What to do - Give back only the lines in the records below from the one with "10月11日,郑州航空港经济" to the one with "Винт оцинк.пот. DIN 965 М 4х20 (14шт)", both inclusive, word for word.

[Source information — start]

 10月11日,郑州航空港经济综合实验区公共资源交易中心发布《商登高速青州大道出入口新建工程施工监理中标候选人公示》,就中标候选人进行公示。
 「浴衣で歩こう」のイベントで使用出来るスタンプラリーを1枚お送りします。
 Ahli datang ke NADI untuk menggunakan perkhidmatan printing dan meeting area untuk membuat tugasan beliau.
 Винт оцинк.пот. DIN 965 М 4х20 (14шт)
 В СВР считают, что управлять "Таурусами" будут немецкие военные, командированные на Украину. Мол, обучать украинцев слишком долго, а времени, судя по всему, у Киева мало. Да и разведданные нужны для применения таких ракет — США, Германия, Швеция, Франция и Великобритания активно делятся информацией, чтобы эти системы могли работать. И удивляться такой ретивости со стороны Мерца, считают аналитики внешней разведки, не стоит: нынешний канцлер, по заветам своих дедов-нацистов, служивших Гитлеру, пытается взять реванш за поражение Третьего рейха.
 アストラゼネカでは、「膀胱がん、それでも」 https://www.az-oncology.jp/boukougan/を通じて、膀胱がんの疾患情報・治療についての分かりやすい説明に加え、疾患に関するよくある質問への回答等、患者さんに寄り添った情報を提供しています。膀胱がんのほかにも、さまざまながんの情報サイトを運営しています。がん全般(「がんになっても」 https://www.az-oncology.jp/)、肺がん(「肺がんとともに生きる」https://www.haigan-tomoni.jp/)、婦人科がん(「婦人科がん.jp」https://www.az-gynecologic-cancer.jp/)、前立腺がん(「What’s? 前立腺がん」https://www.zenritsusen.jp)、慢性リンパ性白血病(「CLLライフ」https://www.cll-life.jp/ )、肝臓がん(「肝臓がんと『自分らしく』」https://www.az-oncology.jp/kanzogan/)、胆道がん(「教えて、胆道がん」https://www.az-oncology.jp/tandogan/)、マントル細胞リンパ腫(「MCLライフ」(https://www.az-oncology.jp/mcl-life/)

[Source information — finish]
[Source information — start]

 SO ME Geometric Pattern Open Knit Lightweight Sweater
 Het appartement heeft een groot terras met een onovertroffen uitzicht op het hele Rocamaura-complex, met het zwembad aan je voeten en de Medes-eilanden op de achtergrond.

[Source information — finish]

Your response -
 10月11日,郑州航空港经济综合实验区公共资源交易中心发布《商登高速青州大道出入口新建工程施工监理中标候选人公示》,就中标候选人进行公示。
 「浴衣で歩こう」のイベントで使用出来るスタンプラリーを1枚お送りします。
 Ahli datang ke NADI untuk menggunakan perkhidmatan printing dan meeting area untuk membuat tugasan beliau.
 Винт оцинк.пот. DIN 965 М 4х20 (14шт)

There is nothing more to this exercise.